How can I do this in a panda way, without using for loops? I was thinking of using the apply function but I don't know how to reference to the 'text' column as well as the 4 descriptions a,b,c,d in the apply function.
Thank you very much for any help!!
What I have tried:
import pandas as pd
from sklearn.feature_extraction.text import CountVectorizer
from sklearn.metrics.pairwise import cosine_similarity
person_one = [' '.join(['table','car','mouse'])]
person_two = [' '.join(['computer','card','can','mouse'])]
person_three = [' '.join(['chair','table','whiteboard','window','button'])]
person_four = [' '.join(['queen','king','joker','phone'])]
description_a = [' '.join(['table','yellow','car','king'])]
description_b = [' '.join(['bottle','whiteboard','queen'])]
description_c = [' '.join(['chair','car','car','phone'])]
description_d = [' '.join(['joker','blue','earphone','king'])]
mystuff = [('person 1',person_one),
('person 2',person_two),
('person 3',person_three),
('person 4',person_four)
]
labels = ['person','text']
df = pd.DataFrame.from_records(mystuff,columns = labels)
df = df.reindex(columns = ['person','text','a','b','c','d'])
def trying(cell,jd):
vectorizer = CountVectorizer(analyzer='word', max_features=5000).fit(jd)
jd_vector = vectorizer.transform(jd)
person_vector = vectorizer.transform(cell['text'])
score = cosine_similarity(jd_vector,person_vector)
return score
df['a'] = df['a'].apply(trying(description_a))
df['b'] = df['b'].apply(trying(description_b))
df['c'] = df['c'].apply(trying(description_c))
df['d'] = df['d'].apply(trying(description_d))
This gives me an error:
df['a'] = df['a'].apply(trying(description_a))
TypeError: trying() missing 1 required positional argument: 'jd'
The output should look something like this:
person text a b c d
0 person 1 [table, car, mouse] 0.3 0.2 0.5 0.7
1 person 2 [computer, card, can, mouse] 0.2 0.1 0.9 0.7
2 person 3 [chair, table, whiteboard, window, button] 0.3 0.5 0.1 0.4
3 person 4 [queen, king, joker, phone] 0.2 0.4 0.3 0.5
Upvotes: 0
Views: 1046
Reputation: 1003
I can't post comment yet, but to solve the error :
df['a'] = df['a'].apply(trying(description_a))

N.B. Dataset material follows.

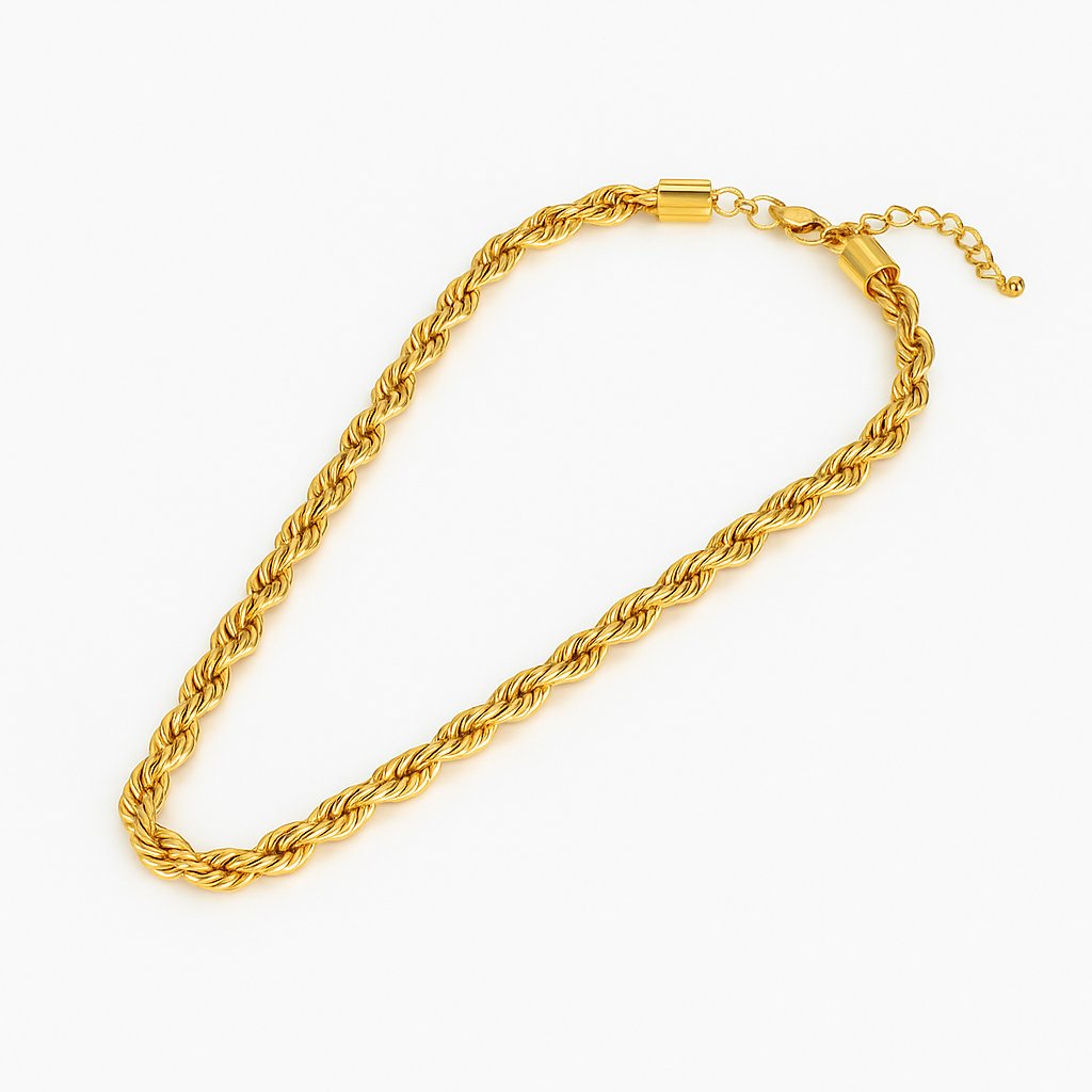 Dodejte svému vzhledu nadčasový šmrnc s tímto elegantním krouceným řetízkem ve zlatém tónu. Díky robustnímu provedení působí luxusně a zároveň zůstává dostatečně jemný pro každodenní nošení. Nastavitelná délka umožňuje přizpůsobení přesně podle vašich preferencí. Skvěle se hodí samostatně nebo v kombinaci s jinými náhrdelníky pro vrstvený look.
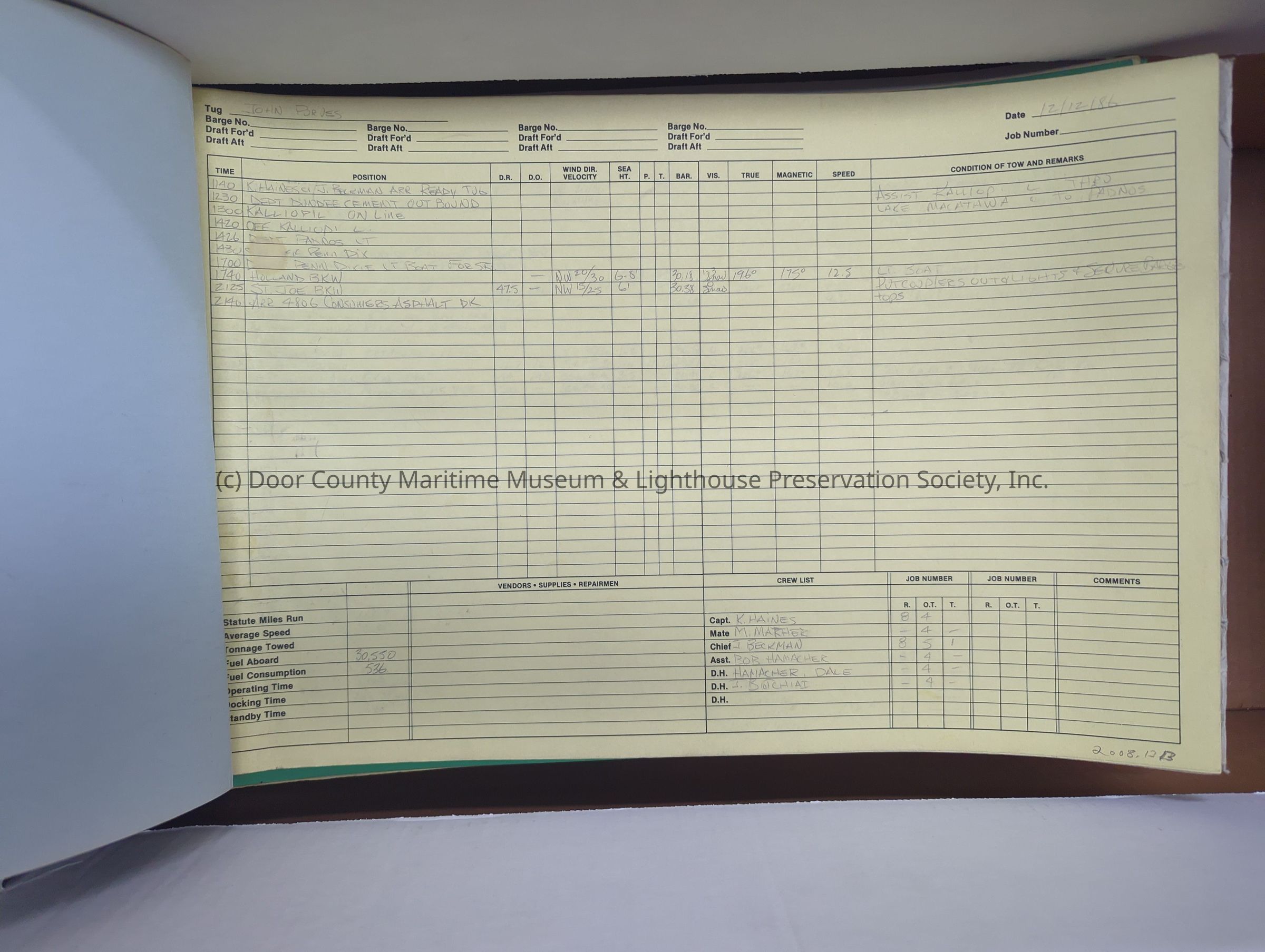 logs from tug "John Purves". Light blue cover with yellow pages. Belongs to Canonie. Dates from 12/12/1986-4/4/1987Location

TypeError: trying() missing 1 required positional argument: 'jd'
You need to pass the parameter like this :
df['a'] = df['a'].apply(trying, args=(description_a))
The first argument will be the column vector in your case, and the other arguments will then be taken in order from ther args list.
Hope this help.
Upvotes: 4
Reputation: 46
How about this:
import pandas as pd
from sklearn.feature_extraction.text import CountVectorizer
from sklearn.metrics.pairwise import cosine_similarity
person_one = ['table','car','mouse']
person_two = ['computer','card','can','mouse']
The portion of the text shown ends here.